Index Server described
Index Server's main function is as a Web
search engine. Many of the most popular Web sites use it to catalog their
content so that users can get to the right page quickly. You'll see how
to build exactly this kind of search engine, but you'll also see that Index
Server and ADO can be coupled for a wide range of applications where document
indexing is required, both on and off the Web.

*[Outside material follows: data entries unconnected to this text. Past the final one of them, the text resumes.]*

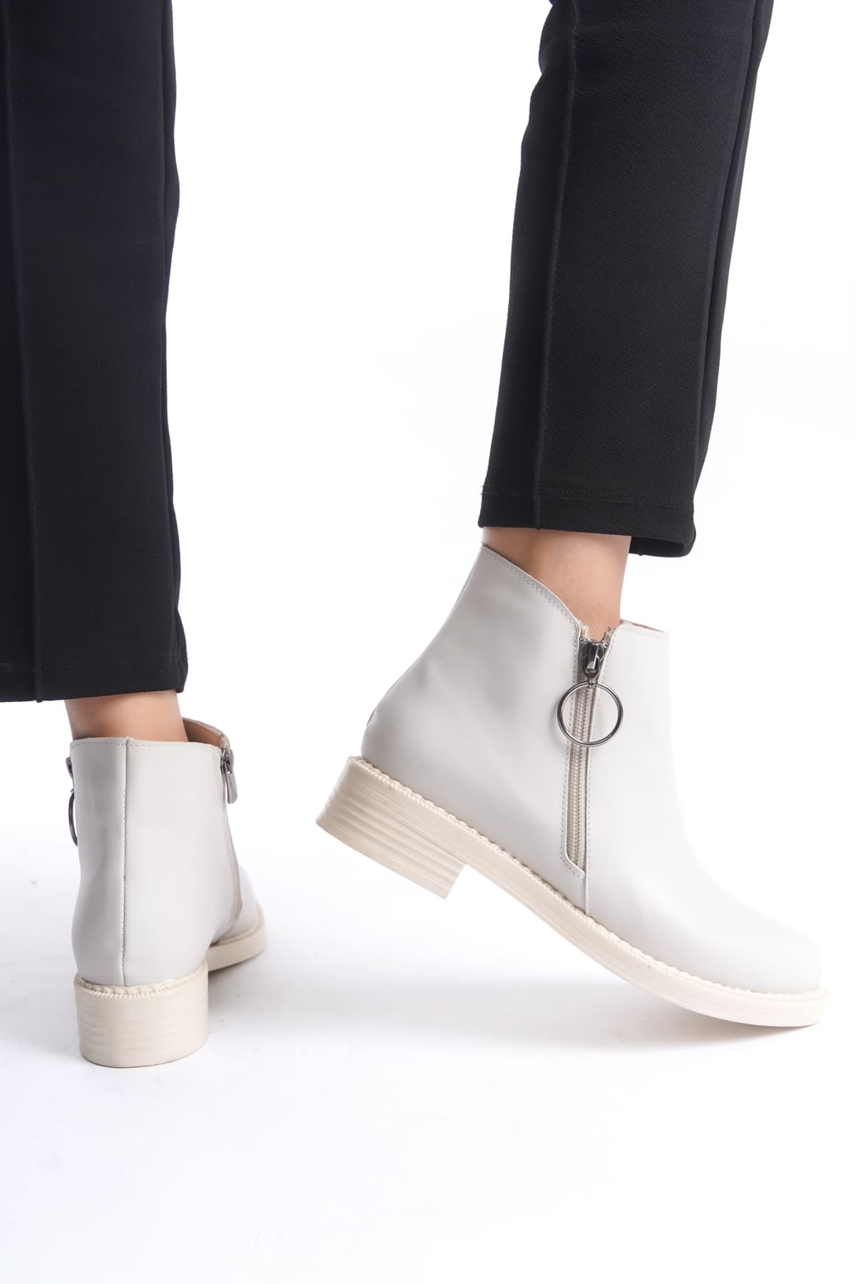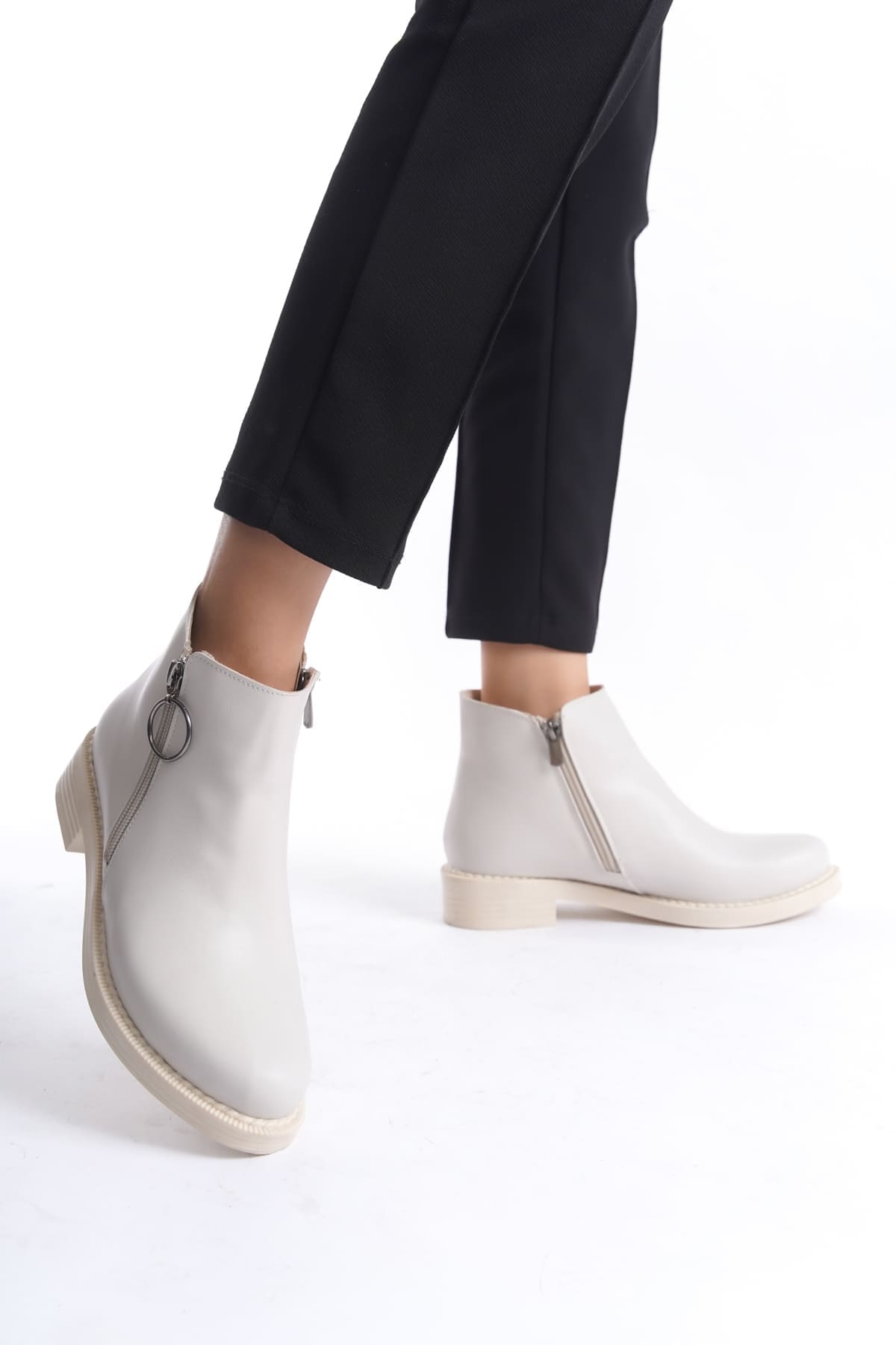 MARGARET Fermuarlı Ortopedik Taban Topuklu Kadın Bot CKT – Krem
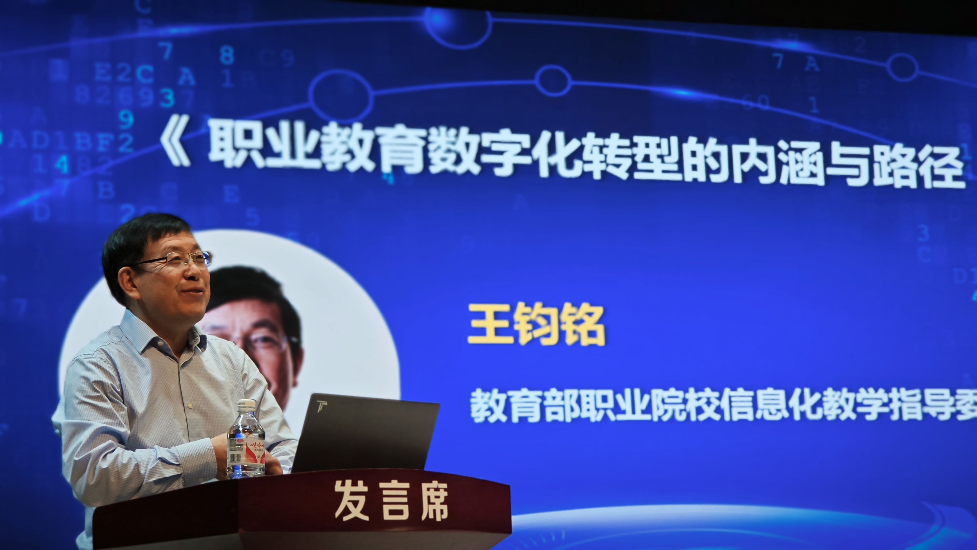 教育部職業院校信息化教學指導委員會主任王鈞銘從《職業教育數字化轉型的內涵與路徑》出發,明確指出:我國的產業經濟即將進入數字時代,教育數字化呈現從數字工具走向全要素、全過程、全方位的系統化、體系化的演進趨勢。詳細闡述了專業人才培養域的數字化轉型,用數字專業化推動專業數字化。
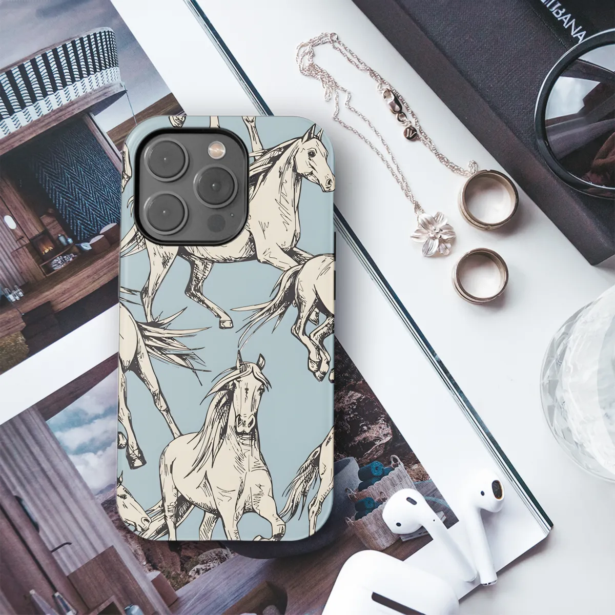 Protect your phone in style with our Beige Horses Blue Phone Case. This case is designed to fit iPhone, Samsung, and Pixel models and features a unique beige horse design on a blue background. The case is made of a durable material that will protect your phone from scratches, dents, and everyday wear and tear. The case also has a raised lip around the screen to protect it from damage.
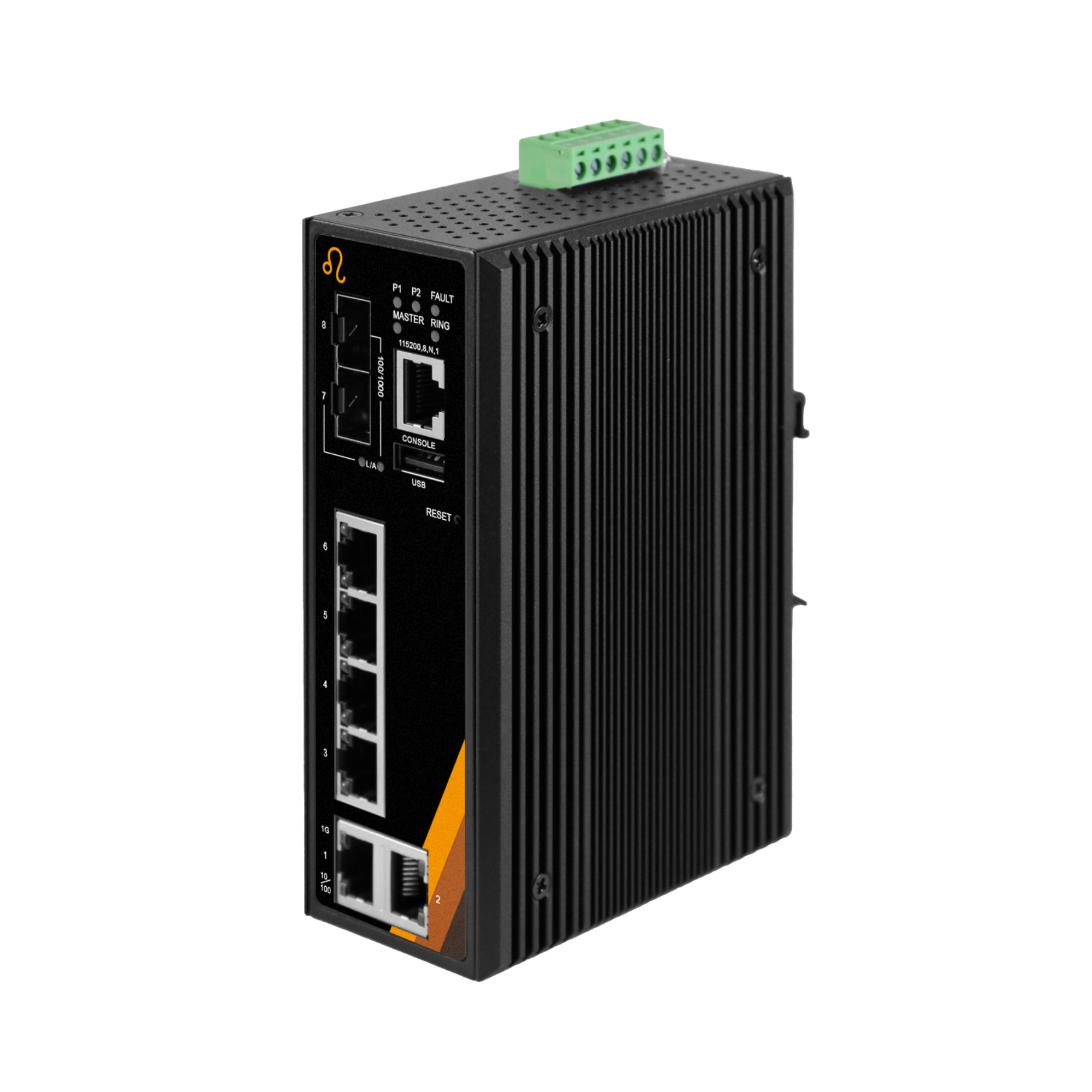 Industrial Ethernet Switch, IP30, 6x10/100/1000Base-TX, 2x100/1000Base-FX, 1xCOM, Dual 12..48VDC, Operating Temperature -10..65 C
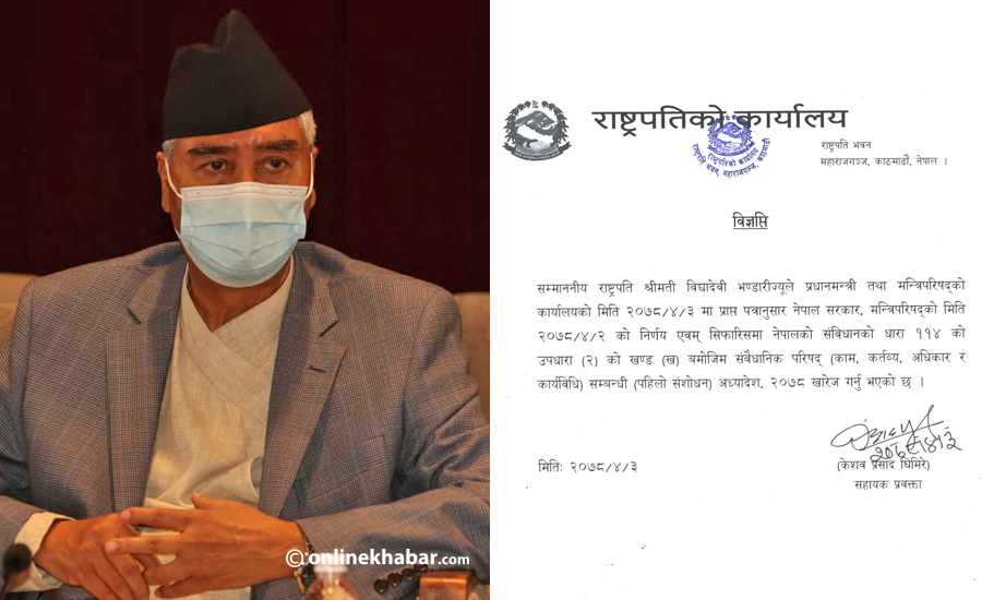 ३ साउन, काठमाडौं । संवैधानिक परिषद्सम्बन्धी विवादस्पद अध्यादेश खारेज भएको छ । प्रधानमन्त्री शेरबहादुर देउवा नेतृत्वको मन्त्रिपरिषद्को शनिबार बसेको बैठकको सिफारिसअनुसार राष्ट्रपति विद्यादेवी भण्डारीले अध्यादेश खारेज गरेकी हुन् ।
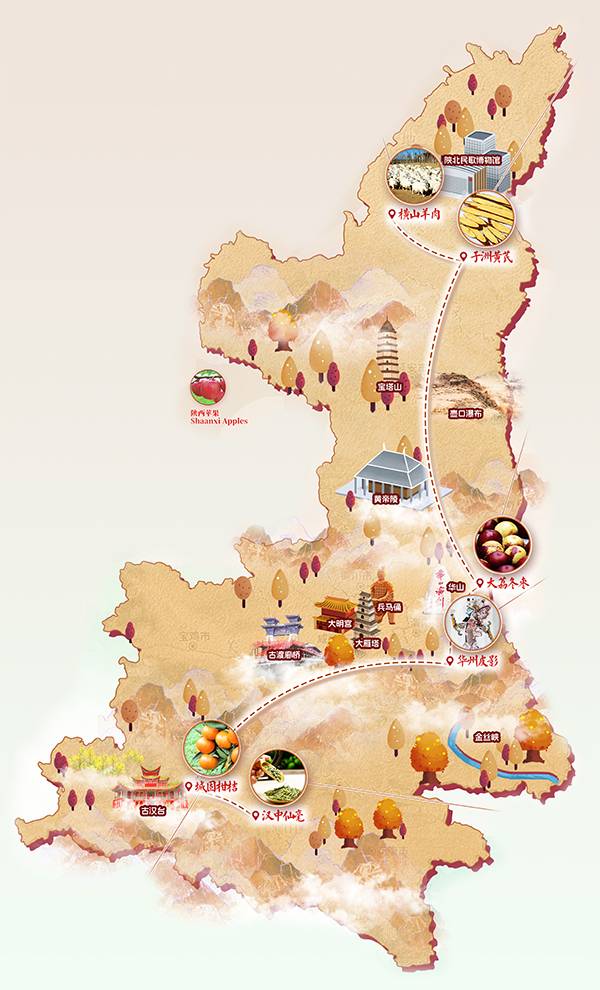 在陕西,不仅有辽阔山河,还有惬意生活。从陕北到陕南,我们精心设计了一条陕味十足的“IP游玩路线”,以地理标志产品为主角,串联起这片土地上的风土人情。沿着这条路线,我们邀请读者一同逛名胜、赏美景、品佳肴、看展演,打卡一个个宝藏目的地。快来跟我们一起玩出陕西“IP新花样”吧!

As a product, Index Server keeps track of all documents that are placed
in a set of nominated directories. It uses spare processing time to process
any changes to the documents it tracks, so that it keeps its indexes up
to date. The indexes are just like the indexes of a book -- by reading them
you find out all references to specific words, so that you can rapidly find
relevant material. The main difference is that Index Server will automatically
catalog many types of document, including text, HTML, and all Microsoft
Office documents. The indexes can then be queried using techniques ranging
from simple word lookup to complex proximity searches. Index Server is intended
to be a zero-maintenance product -- once it's installed and pointed at its
directory spaces, it does its job entirely in the background. Here's an
example of a simple Index Server query:
SELECT DocAppName, DocTitle, DocWordCount, HitCount
FROM SCOPE(' "/IISSamples/ISSamples" ')
WHERE CONTAINS(' "object" near() "oriented"') > 0
ORDER BY HitCount DESC
|
This returns a standard ADO RecordSet that can be processed exactly like
a database query. You might have noticed that the command structure is suspiciously
SQL-like. This is entirely intentional and is aimed at making Index Server
queries easy to decipher. However, you'll also have noticed some distinctly
un-SQLish constructs that are specific to document retrieval, which we'll
explore later.
Index Server comes with a sample Web page that has some good examples of
using ADO and Active Server Pages (ASPs). The Web page produces attractive
output, but I found one or two bugs in the ASP pages. Fortunately, it was
easy to comment out the offending lines, and then the page worked nicely,
producing output from the preceding query that can be seen in Figure
1. The page is accessible from the Start menu
if you've installed the NT4 Option Pack.
How to get it
If you want to try out the examples described
in this article, then you'll naturally need to have Index Server and ADO
installed, and for one of the examples, ASPs are required. The good news
is that everything you need (apart from VB5 and NT4) is free. The easiest
way to get all of these components installed is to get hold of an NT4 server
or workstation and install the NT4 Option Pack. This requires NT Service
Pack 3 and IE 4 to be installed, but these come as part of the NT4 Option
Pack setup. The Option Pack itself is freely downloadable from http://www.microsoft.com/ntserver/nts/downloads/recommended/NT4OptPk/default.asp, and TechNet and MSDN subscribers should also have it
on their CDs. You can pick and choose the bits of the Option Pack that you
want, so it doesn't need to be a heavyweight installation.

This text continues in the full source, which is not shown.